:: Action item ::
Look through the data below for the line with "Photo image for" and the line with "Görüşme sonrasında her", then transcribe exactly from the first through the second, leaving out all pictures.

:: Data for analysis ::

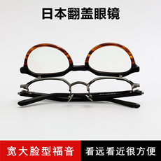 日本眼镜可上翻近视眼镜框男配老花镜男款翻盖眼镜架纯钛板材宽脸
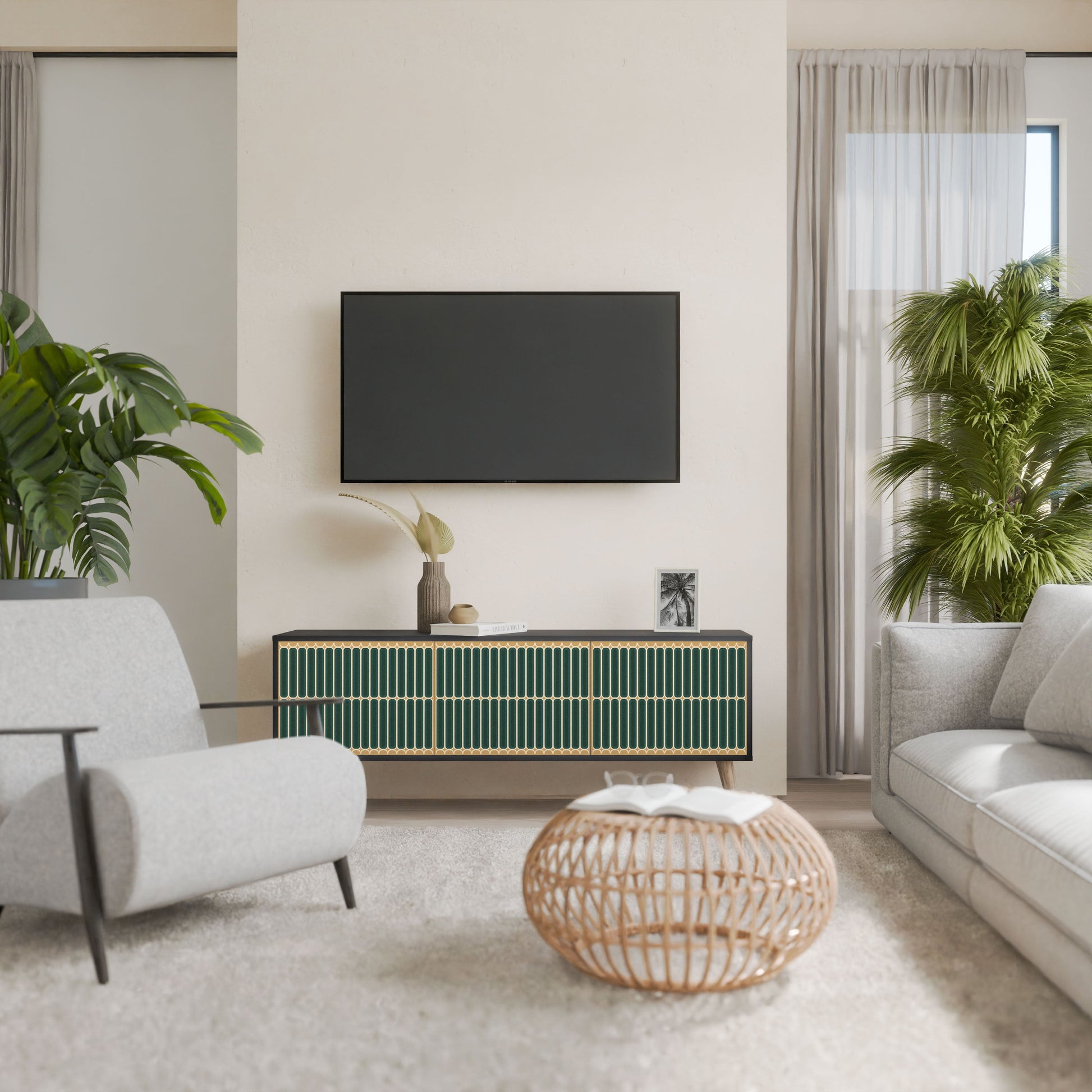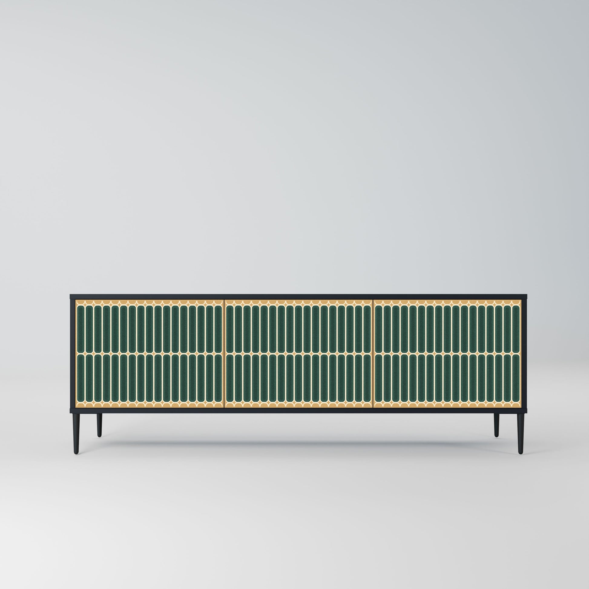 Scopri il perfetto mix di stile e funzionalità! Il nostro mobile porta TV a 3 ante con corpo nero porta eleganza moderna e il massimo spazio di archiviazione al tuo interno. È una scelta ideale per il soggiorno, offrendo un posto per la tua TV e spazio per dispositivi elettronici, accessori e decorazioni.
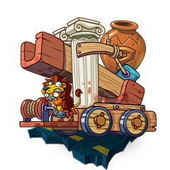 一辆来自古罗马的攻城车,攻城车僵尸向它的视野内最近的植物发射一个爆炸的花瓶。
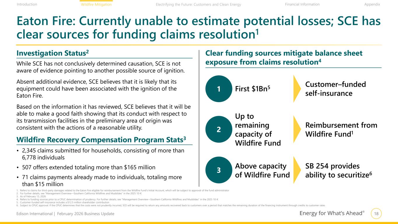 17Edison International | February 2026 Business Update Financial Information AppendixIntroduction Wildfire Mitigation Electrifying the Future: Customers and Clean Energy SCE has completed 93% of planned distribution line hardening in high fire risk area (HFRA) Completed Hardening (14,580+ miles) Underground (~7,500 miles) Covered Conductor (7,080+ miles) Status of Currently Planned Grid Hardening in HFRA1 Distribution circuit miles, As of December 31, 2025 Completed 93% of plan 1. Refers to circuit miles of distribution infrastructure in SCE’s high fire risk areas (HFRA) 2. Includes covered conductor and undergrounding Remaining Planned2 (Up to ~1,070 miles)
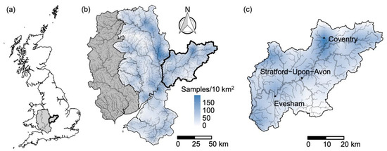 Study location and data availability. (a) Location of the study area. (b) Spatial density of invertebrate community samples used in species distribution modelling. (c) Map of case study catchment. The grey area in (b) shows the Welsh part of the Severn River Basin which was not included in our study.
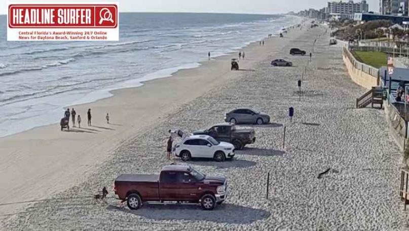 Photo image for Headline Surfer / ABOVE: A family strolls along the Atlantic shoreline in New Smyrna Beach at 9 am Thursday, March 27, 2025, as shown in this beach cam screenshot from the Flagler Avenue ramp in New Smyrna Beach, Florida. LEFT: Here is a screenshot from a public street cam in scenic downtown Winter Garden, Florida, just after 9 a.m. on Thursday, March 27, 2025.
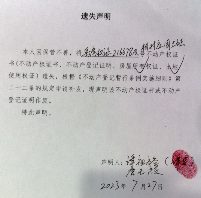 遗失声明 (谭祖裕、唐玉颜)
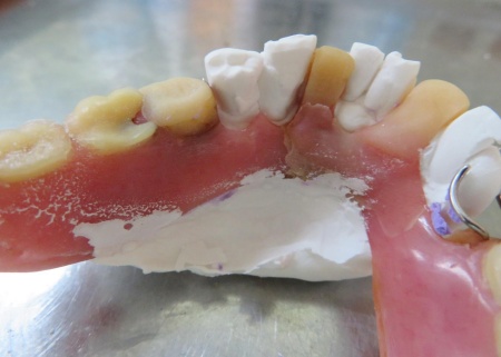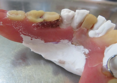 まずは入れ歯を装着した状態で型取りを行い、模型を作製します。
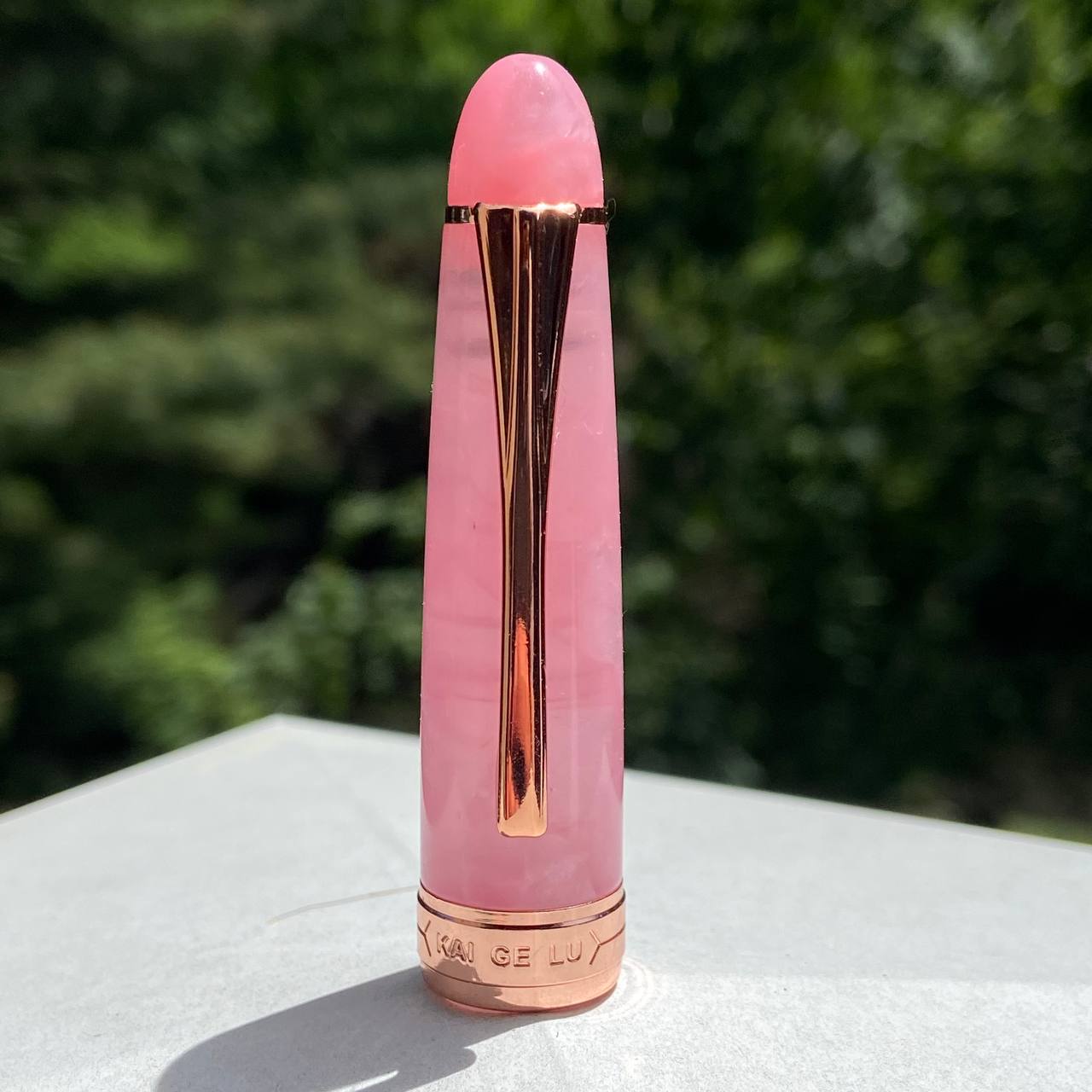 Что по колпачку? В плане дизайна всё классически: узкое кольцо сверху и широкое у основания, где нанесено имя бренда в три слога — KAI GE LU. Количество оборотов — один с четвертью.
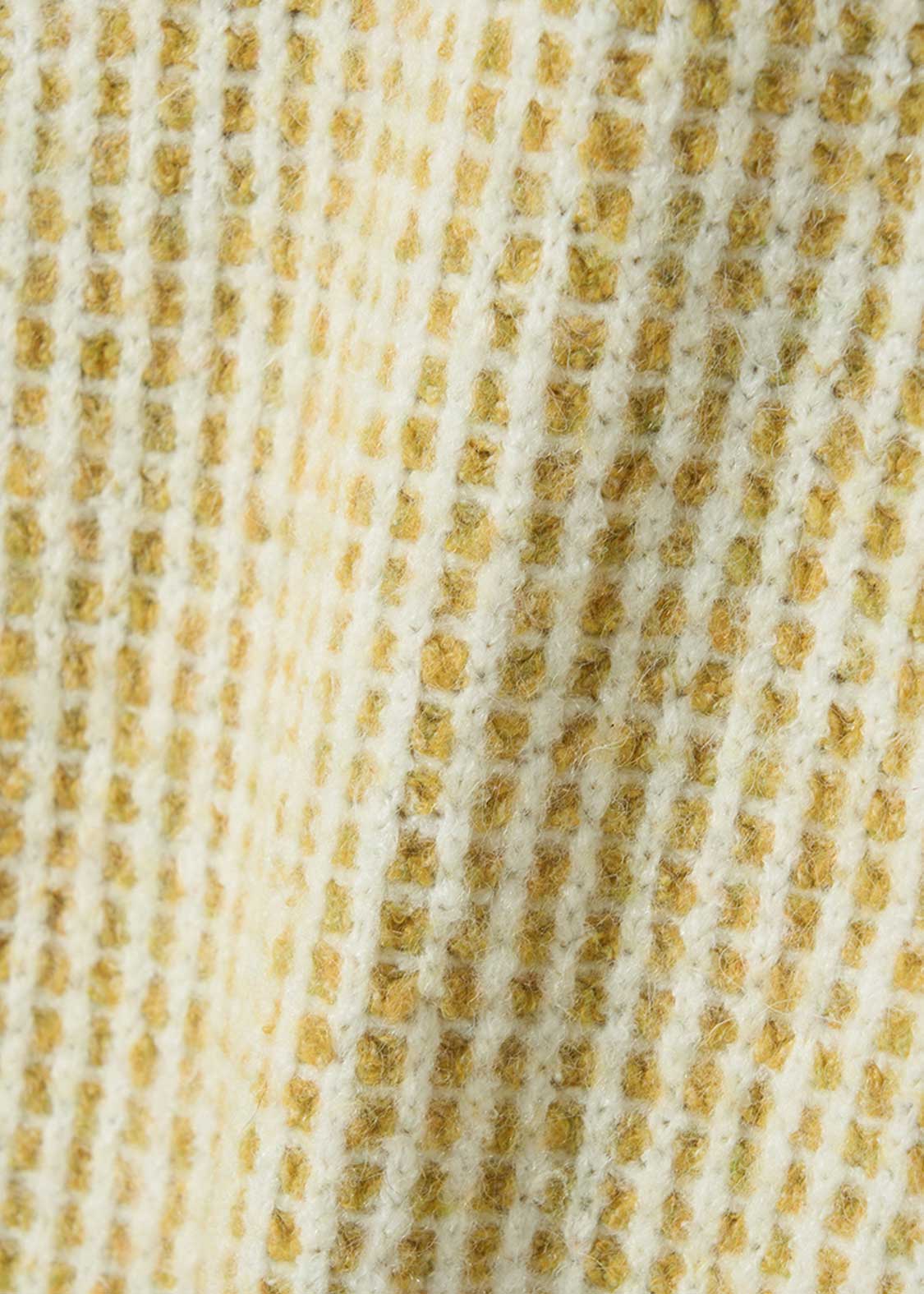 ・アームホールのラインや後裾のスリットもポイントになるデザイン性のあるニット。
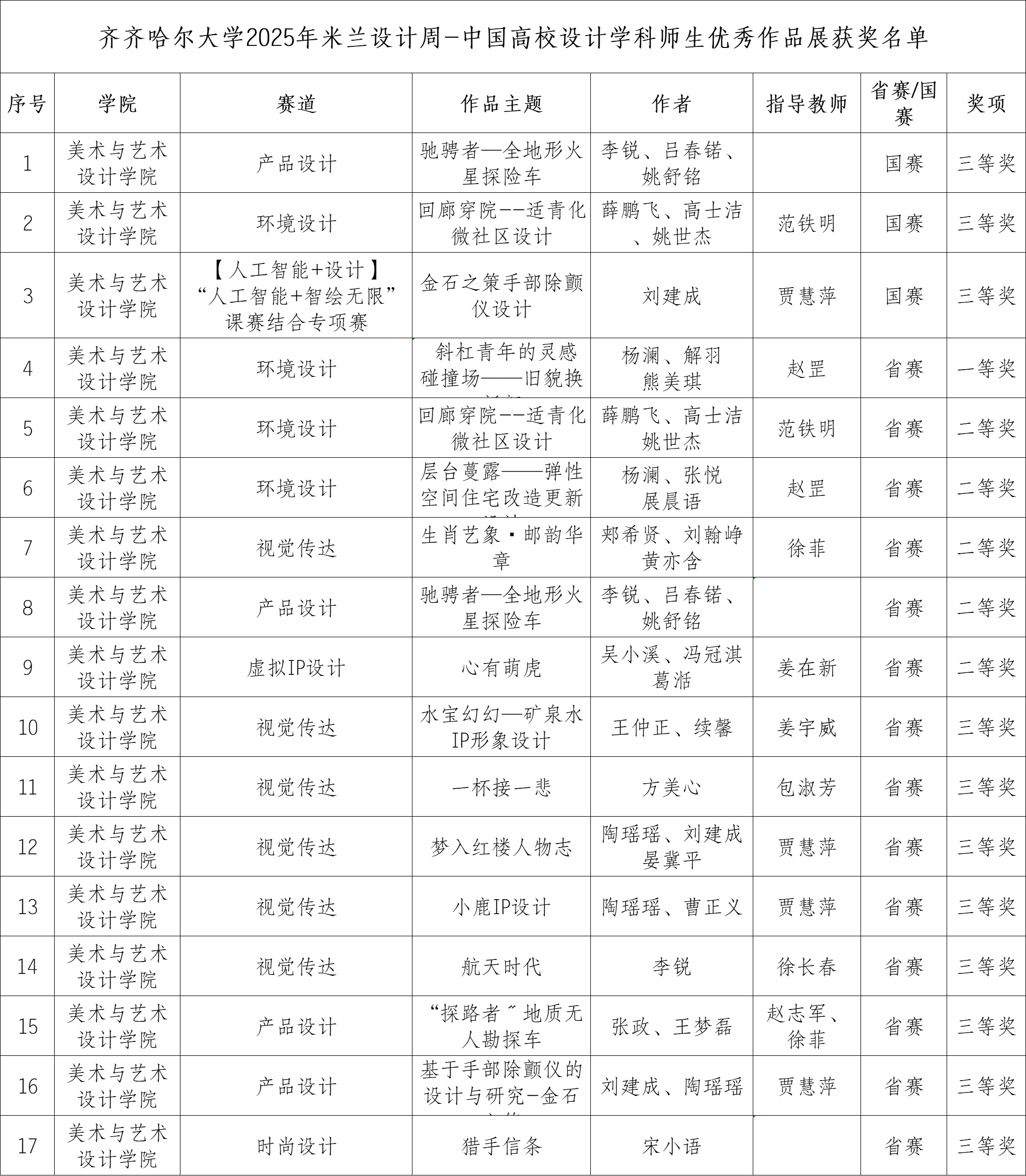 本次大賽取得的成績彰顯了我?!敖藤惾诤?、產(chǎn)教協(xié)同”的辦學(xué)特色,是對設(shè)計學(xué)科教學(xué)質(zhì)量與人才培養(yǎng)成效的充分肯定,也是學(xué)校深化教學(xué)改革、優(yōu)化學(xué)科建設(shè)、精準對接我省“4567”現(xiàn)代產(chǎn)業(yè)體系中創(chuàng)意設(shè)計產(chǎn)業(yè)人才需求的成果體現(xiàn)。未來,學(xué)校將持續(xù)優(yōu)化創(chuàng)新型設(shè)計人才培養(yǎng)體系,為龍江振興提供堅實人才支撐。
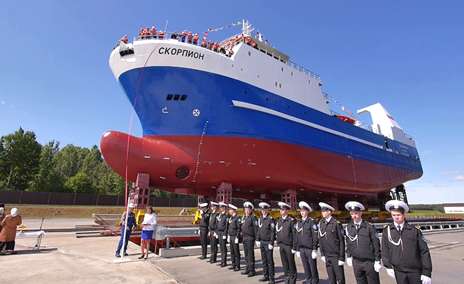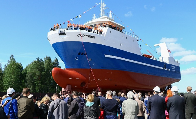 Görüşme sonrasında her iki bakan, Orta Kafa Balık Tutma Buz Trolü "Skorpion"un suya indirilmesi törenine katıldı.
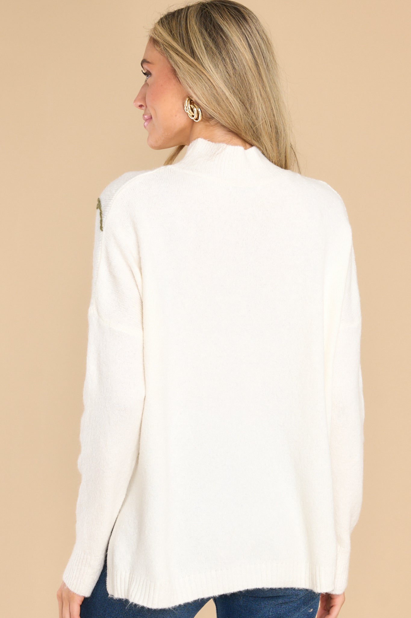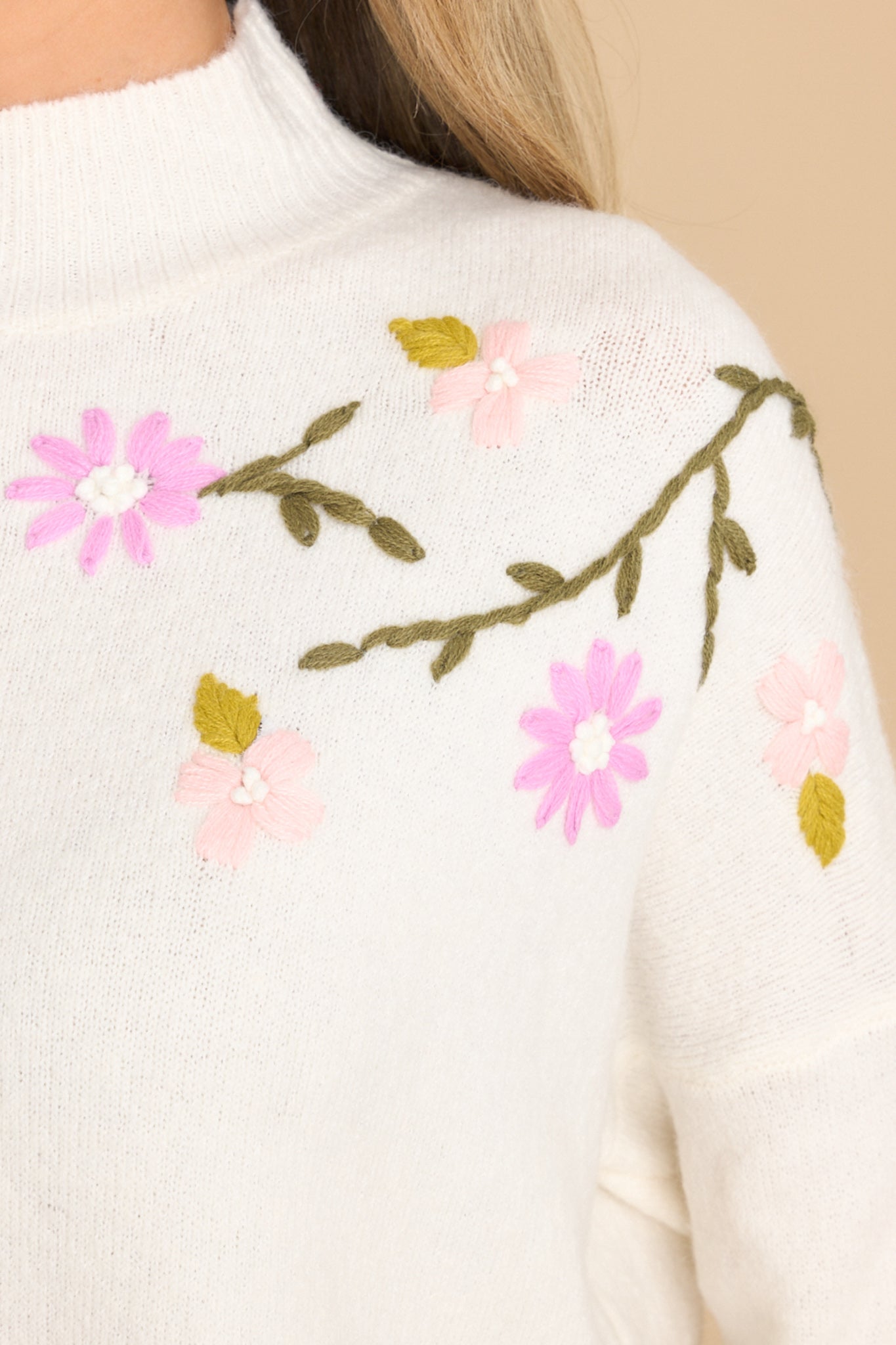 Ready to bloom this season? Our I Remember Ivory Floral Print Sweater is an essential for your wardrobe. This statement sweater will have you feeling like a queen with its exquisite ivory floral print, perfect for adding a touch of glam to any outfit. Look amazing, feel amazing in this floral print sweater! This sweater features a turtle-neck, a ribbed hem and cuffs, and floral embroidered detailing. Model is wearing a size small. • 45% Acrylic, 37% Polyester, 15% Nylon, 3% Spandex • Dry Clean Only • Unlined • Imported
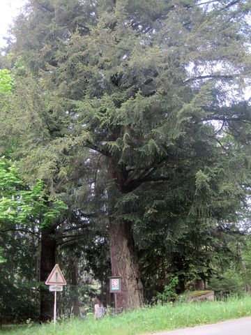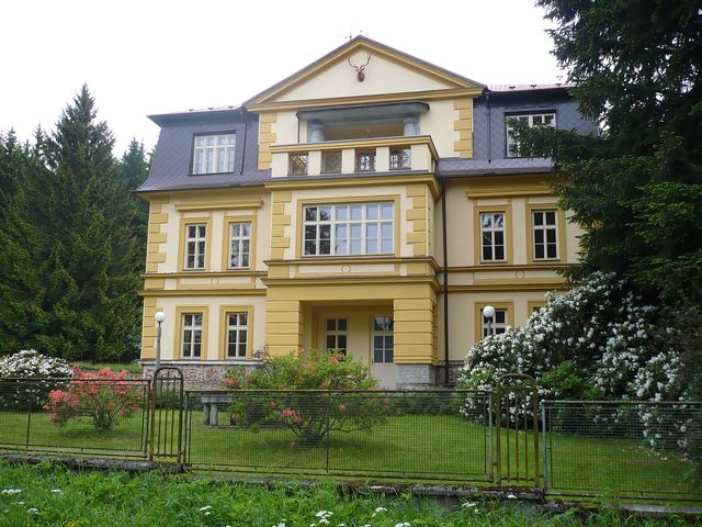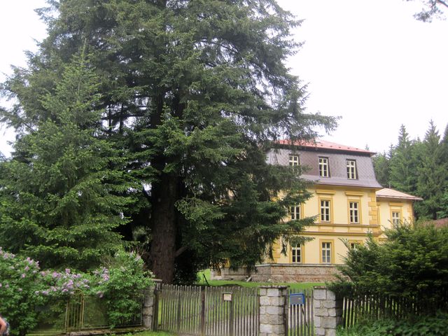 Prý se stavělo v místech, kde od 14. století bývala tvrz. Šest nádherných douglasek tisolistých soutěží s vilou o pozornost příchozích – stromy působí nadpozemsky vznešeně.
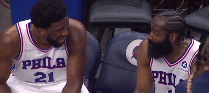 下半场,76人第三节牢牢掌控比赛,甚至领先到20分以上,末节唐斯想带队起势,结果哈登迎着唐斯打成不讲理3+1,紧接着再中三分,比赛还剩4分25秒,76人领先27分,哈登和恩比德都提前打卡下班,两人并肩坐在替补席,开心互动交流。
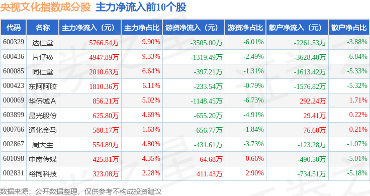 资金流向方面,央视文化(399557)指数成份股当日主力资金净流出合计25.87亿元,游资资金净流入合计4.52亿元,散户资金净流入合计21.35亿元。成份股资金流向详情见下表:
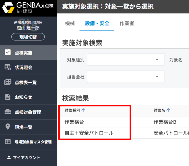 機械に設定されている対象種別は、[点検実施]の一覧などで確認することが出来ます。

:: Result of this task ::
 Photo image for Headline Surfer / ABOVE: A family strolls along the Atlantic shoreline in New Smyrna Beach at 9 am Thursday, March 27, 2025, as shown in this beach cam screenshot from the Flagler Avenue ramp in New Smyrna Beach, Florida. LEFT: Here is a screenshot from a public street cam in scenic downtown Winter Garden, Florida, just after 9 a.m. on Thursday, March 27, 2025.
 遗失声明 (谭祖裕、唐玉颜)
 まずは入れ歯を装着した状態で型取りを行い、模型を作製します。
 Что по колпачку? В плане дизайна всё классически: узкое кольцо сверху и широкое у основания, где нанесено имя бренда в три слога — KAI GE LU. Количество оборотов — один с четвертью.
 ・アームホールのラインや後裾のスリットもポイントになるデザイン性のあるニット。
 本次大賽取得的成績彰顯了我?!敖藤惾诤?、產(chǎn)教協(xié)同”的辦學(xué)特色,是對設(shè)計學(xué)科教學(xué)質(zhì)量與人才培養(yǎng)成效的充分肯定,也是學(xué)校深化教學(xué)改革、優(yōu)化學(xué)科建設(shè)、精準對接我省“4567”現(xiàn)代產(chǎn)業(yè)體系中創(chuàng)意設(shè)計產(chǎn)業(yè)人才需求的成果體現(xiàn)。未來,學(xué)校將持續(xù)優(yōu)化創(chuàng)新型設(shè)計人才培養(yǎng)體系,為龍江振興提供堅實人才支撐。
 Görüşme sonrasında her iki bakan, Orta Kafa Balık Tutma Buz Trolü "Skorpion"un suya indirilmesi törenine katıldı.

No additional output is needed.